Friday, November 20, 2020

How to Become an Author

Many people love to write. Many dream of becoming authors of some sort. Once you've taken up that dream yourself, and particularly if you've been published, you will find more and more people who confide in you - secretly or openly - their burning desire to write a book.

Most don't do more than dream of it. Most don't think to ask the hard questions or put in the long hours to chase after their dream. But if you've clicked on this post, you're different. You're one of those who is ready to embark on the challenging and rewarding path of a writer.

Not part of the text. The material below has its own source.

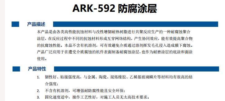 本產(chǎn)品是由各類高性能抗蝕材料與改性增韌耐熱樹脂進行共聚反應(yīng)生產(chǎn)的一種耐腐蝕聚合涂層,在反應(yīng)過程中不同的抗蝕材料形成互穿網(wǎng)絡(luò)結(jié)構(gòu),產(chǎn)生協(xié)同效應(yīng),能有效提高聚合物的抗腐蝕性能。本品不含有機溶劑,可有效避免介質(zhì)通過溶劑揮發(fā)毛孔浸入造成膜下腐蝕。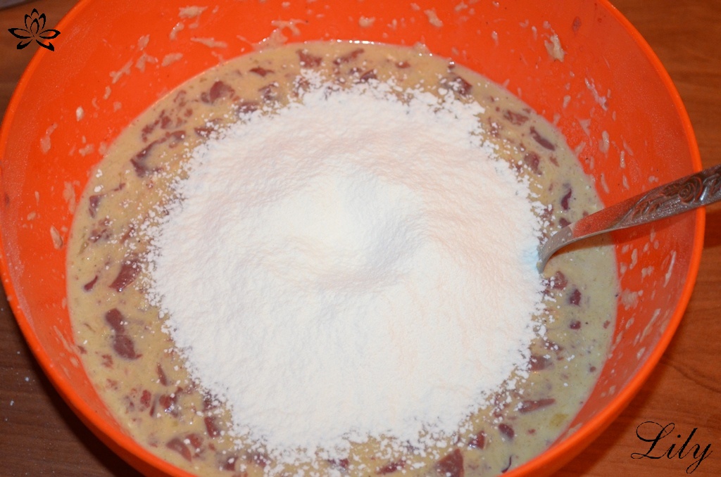 Добавляем муку и смешиваем все до однородной массы

Recently I was interviewed by a student working on his senior paper. It was part of a larger project designed to help students map out their plans for the future. He wasn't really sure what he wanted to do with his life, maybe join the family trade of auto mechanicing. The one thing he was certain about was that he wanted to write. Preferably novels. He wanted to know the path I had taken and what suggestions I might have for him.

Later I realized this would be great info for the readers of this blog. Here's a recap of the highlights of what we discussed.


While a formal creative writing education at a university or an MFA (masters in fiction writing) program can be useful, neither are essential to becoming a successful writer. A different degree that offers other ways to support yourself and contribute to society can be just as meaningful, sometimes more. My degrees in Psychology and Health Education provide me with work opportunities as well as background knowledge that is useful in stories.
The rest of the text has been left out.